In recent years, many of his works have been recorded, including recordings by Danacord of his complete symphonies on seven CDs. This cycle, with the Artur Rubinstein Philharmonic Orchestra conducted by Ilya Stupel, was followed by a second cycle recorded by Dacapo with the Danish National Symphony Orchestra under the baton of Thomas Dausgaard. Both cycles have had their share of critical recognition.

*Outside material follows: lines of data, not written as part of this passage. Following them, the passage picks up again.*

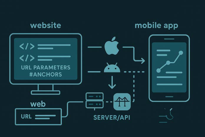 - Custom URL Schemes: یک طرح URL سفارشی (مثلاً myapp://product/123) ایجاد میکنید که تنها اپلیکیشن شما میتواند آن را باز کند. این روش محدودیتهایی دارد، از جمله اینکه اگر اپ نصب نباشد، کار نمیکند.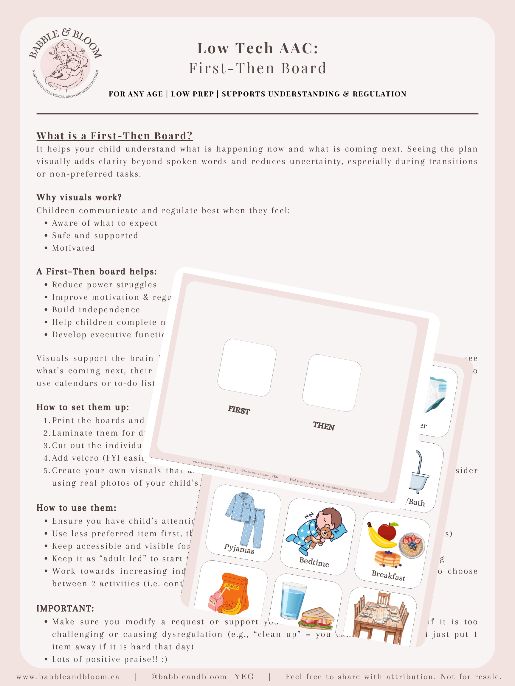 Visuals and predictable routines can reduce stress and help children thrive. This handout shares ways to build calm and communication into everyday moments & routines. Check out our ‘Visuals’ section below for printables.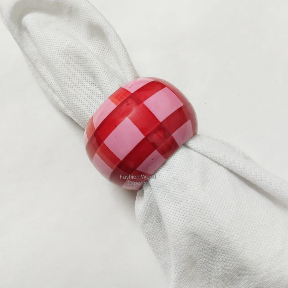 แหวนรัดผ้าเช็ดปากไม้สไตล์ยุโรปสมัยใหม่ ลายตารางสีแดงชมพูอ่อน เป็นมิตรกับสิ่งแวดล้อม สำหรับตกแต่งโต๊ะอาหาร งานเลี้ยง และอุปกรณ์ตกแต่ง
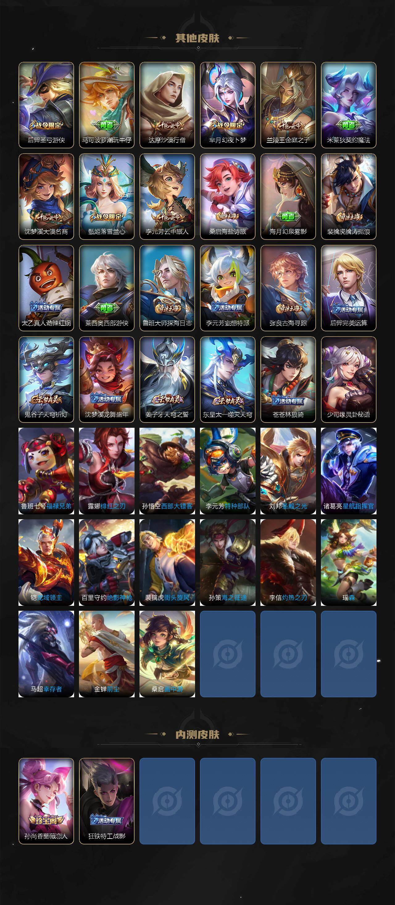 【其他皮肤】:项羽海滩派对,韩信教廷特使,韩信街头霸王,赵云白执事,白起白色死神,宫本武藏未来纪元,安琪拉玩偶对对碰,妲己少女阿狸,典韦黄金武士,亚瑟死亡骑士,达摩拳王,甄姬花好人间,刘备万事如意,后羿阿尔法小队,狄仁杰阴阳师,刘备汉昭烈帝,关羽龙腾万里,老夫子功夫老勺,孙尚香沉稳之力,小乔丁香结,吕布野性能量,狂铁特工战影,钟馗驱傩正仪,苏烈千军破阵,后羿圣弓游侠,马可波罗潮玩牛仔,达摩沙漠行僧,芈月幻夜卜梦,兰陵王金庭之子,米莱狄契约魔法,沈梦溪大漠名商,甄姬落雪兰心,李元芳云中旅人,桑启海盐诗旅,海月幻泉雾影,裴擒虎擒涛扼浪,太乙真人劲辣红锅,莱西奥西部游侠,鲁班大师探海日志,李元芳妄想特派,张良古海寻踪,后羿完美运算,鬼谷子天穹祈灯,沈梦溪龙舞盛年,姜子牙天穹之誓,东皇太一噬灭天穹,苍苍林狼骑,少司缘灵卦秘语,鲁班七号福禄兄弟,露娜绯红之刃,孙悟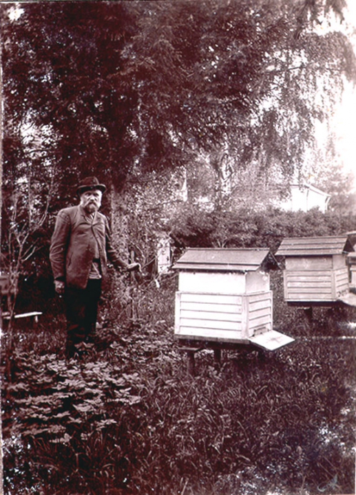 С.С.Масленников около ульев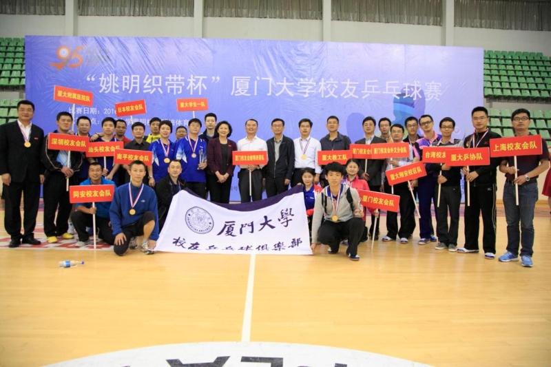 4月7日,我校95周年校庆系列活动,“姚明织带杯”厦门大学校友乒乓球赛在我校思明校区明培体育馆举行。由校友、师生组成的20支队伍参加比赛。校党委书记张彦出席开球仪式。副校长詹心丽,材料学院院长、厦大乒乓球协会会长刘兴军,厦门校友会会长姚明,厦门市乒乓球协会常务副会长温哲先后致辞。开球仪式由厦门大学校友总会秘书长曾国斌主持。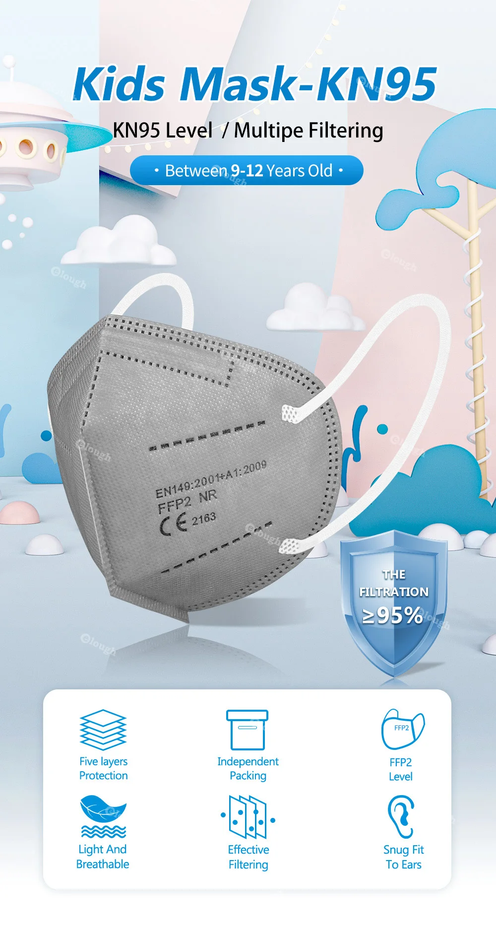 Детские маски, 5 слоев, CE FFP2mask, FFP 2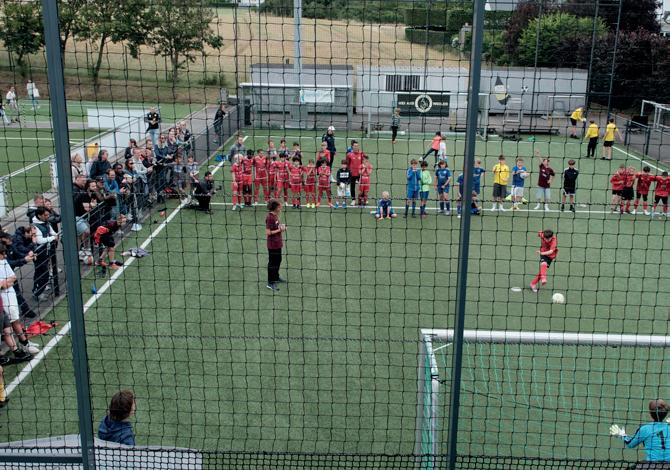 Le terrain synthé�que «Am Dielchen» sera divisé en quatre pe�ts terrain s de même taille, les matchs seront tous joués sur des buts avec les dimensions 5 x 2 mètres Le détail des rencontres ainsi que les horaires sont repris en annexe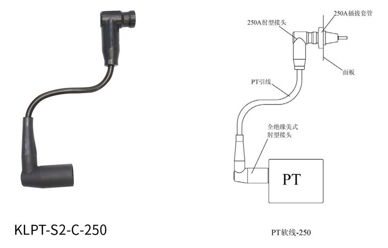 產品說明:主要用于一端是 PT,另一端是屏蔽型 250A 插拔套管的軟連接,使用可代替電纜連接的 PT 線來實現產品電氣連接的全絕緣、全密封。

Other works of Langgaard currently available on CD include Music of the Spheres, Messis (Organ drama in three evenings), Antichrist (Church opera in six scenes), Duo Lys Pa Himlen, piano concertos, The End of Time, and various works for solo instruments. Some secular and religious choral works, performed by Ars Nova Copenhagen, can be found the CD Rose Garden Songs.